Shanghai – After last week’s Cargo Facts Asia symposium, the Cargo Facts team spent a day exploring the city. Along with the other conference attendees, we had heard about the astounding growth China’s express sector has experienced since 2016. But we wondered, with the increasing innovation in the express sector globally alongside growth in cross-border e-commerce, how fast and convenient is it, really, for an individual shipper to send a package from China to the United States? And, just as importantly, how do express companies without own-operated long-haul freighter operations actually execute point-to-point international deliveries?
We decided to find out.
To test out China’s express shipping experience, the Cargo Facts team assembled three identical packages weighing in at under 250 grams each and including typical tourist souvenirs – a keychain, chopsticks, and a magnet. We were advised by Shanghai locals, including one express company employee, that the best way to ship internationally from China is still via UPS or DHL Express, thanks to the global networks of those integrators. Undoubtedly, FedEx, UPS, or DHL Express were all capable of handling the shipment. However, to illuminate how China’s express companies would rise to this challenge, we selected China Post, Shentong Express (STO Express), and SF Express as the participants in our express race from Shanghai to the Cargo Facts office in Seattle.
But first, a bit of background on the industry…
Last year, China’s total express delivery volume exceeded forty billion pieces for the first time, an increase of 28% y-o-y compared with 2016 volumes, to a staggering twenty-nine express parcels per capita. Although robust growth is expected to persist, the growth figure represents slight moderation after compound annual growth for the industry averaged 42% for the past decade.
Tempered demand growth, however, won’t necessarily slow the expansion of domestic freighter fleets operated by, or on behalf of China’s express companies.
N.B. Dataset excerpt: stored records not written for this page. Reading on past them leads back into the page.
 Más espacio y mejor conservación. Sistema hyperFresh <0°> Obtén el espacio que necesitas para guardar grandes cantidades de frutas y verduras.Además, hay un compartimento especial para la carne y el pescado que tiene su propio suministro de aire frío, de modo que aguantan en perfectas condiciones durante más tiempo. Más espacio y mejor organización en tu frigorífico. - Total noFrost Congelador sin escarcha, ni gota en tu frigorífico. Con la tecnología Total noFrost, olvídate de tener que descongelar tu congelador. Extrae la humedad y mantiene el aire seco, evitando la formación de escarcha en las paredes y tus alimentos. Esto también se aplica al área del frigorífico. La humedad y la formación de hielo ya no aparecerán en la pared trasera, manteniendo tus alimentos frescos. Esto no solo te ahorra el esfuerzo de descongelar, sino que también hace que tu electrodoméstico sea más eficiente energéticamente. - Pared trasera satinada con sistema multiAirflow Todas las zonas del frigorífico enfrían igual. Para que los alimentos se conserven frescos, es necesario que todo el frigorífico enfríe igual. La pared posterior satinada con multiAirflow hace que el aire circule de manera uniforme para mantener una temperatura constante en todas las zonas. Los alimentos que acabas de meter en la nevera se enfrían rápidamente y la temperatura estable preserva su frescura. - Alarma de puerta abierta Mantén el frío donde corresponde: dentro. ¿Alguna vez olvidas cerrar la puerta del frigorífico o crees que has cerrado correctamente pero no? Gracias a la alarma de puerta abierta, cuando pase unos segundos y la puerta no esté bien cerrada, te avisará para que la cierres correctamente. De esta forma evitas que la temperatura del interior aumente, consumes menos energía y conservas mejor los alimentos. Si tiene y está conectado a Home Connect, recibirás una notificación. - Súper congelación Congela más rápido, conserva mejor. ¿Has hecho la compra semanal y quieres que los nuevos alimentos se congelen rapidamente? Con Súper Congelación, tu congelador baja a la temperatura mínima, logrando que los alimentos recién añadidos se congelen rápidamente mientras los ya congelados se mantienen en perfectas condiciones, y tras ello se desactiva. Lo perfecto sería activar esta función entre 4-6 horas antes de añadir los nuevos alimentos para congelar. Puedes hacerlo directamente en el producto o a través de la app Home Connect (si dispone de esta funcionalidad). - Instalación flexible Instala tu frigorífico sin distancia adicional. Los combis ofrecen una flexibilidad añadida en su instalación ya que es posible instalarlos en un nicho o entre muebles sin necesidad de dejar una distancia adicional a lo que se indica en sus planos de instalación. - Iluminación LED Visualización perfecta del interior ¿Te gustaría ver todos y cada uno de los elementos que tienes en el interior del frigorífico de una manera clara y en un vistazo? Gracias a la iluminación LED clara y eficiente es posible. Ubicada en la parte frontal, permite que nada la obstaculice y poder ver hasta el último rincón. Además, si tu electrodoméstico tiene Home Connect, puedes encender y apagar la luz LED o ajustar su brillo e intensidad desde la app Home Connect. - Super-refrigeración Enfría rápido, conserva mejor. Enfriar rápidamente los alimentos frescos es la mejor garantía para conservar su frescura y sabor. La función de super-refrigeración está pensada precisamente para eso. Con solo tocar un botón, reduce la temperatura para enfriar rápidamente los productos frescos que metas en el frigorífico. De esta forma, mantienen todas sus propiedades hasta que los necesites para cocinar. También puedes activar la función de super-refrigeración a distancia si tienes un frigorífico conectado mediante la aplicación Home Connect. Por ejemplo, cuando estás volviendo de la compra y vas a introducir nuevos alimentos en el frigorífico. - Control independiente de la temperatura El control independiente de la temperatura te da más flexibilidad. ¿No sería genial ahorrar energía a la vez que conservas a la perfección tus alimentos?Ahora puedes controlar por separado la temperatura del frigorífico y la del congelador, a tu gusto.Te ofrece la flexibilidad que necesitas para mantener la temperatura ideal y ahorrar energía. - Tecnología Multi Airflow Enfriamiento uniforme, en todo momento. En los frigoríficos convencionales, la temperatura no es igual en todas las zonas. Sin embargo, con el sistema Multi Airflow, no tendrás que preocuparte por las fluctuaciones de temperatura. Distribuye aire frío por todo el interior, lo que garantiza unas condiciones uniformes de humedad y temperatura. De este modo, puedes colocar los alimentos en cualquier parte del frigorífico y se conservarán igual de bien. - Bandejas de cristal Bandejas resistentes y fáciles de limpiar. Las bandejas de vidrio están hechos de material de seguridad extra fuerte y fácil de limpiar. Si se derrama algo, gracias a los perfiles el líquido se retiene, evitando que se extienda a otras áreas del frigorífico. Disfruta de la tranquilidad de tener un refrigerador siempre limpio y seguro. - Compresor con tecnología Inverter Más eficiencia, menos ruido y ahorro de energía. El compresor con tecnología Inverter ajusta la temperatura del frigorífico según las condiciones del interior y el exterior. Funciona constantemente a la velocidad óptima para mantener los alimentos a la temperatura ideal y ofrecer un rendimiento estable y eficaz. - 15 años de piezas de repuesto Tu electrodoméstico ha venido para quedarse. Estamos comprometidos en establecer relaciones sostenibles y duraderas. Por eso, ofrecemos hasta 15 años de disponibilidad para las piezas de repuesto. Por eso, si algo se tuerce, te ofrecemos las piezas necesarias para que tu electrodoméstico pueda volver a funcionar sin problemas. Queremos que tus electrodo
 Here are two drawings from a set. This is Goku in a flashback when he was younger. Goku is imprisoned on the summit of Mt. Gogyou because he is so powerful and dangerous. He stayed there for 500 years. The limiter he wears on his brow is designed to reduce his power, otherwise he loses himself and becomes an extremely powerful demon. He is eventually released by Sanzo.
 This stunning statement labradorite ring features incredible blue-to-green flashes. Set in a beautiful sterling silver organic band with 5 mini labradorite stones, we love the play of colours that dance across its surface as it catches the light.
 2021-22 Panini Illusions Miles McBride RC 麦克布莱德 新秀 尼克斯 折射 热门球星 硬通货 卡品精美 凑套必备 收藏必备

During a panel discussion about Asian Express Networks at Cargo Facts Asia 2018, David Su, Chairman, YTO Cargo Airlines Co., wowed the audience with statistics that YTO Express handled five billion parcels last year, despite operating just seven freighters. With ten firm orders and ten options for 737-800BCFs with Boeing, and a separate order for an undisclosed number of 757-200PCFs from Precision Aircraft Solutions, more narrowbody freighters are on the way.
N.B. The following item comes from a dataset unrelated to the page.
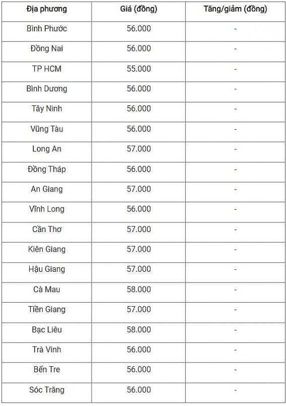 Các tỉnh thành còn lại có giá giao dịch ổn định trong khoảng 56.000 - 57.000 đồng/kg.

Although in the near-term China’s domestic freighter networks are expected to continue expanding, pressure from China’s advanced high-speed rail network, improved trucking options, and drones may reduce the scale of the domestic air express network required to meet domestic demand. Su estimated that within six to ten years, competition from rail will become a formidable competitor to air freight for domestic shipments. “It is better to focus on cross-border business. Air will be competitive in the long-term for long-haul transportation,” he said.
Luckily for express couriers with international ambitions, growing international express volumes into and out of China (including Hong Kong, Macau and Taiwan) continue to outpace domestic growth with an increase of 33.8% y-o-y in 2017 to 830 million pieces, according to the State Post Bureau’s “China Express Development Index Report for March 2018.”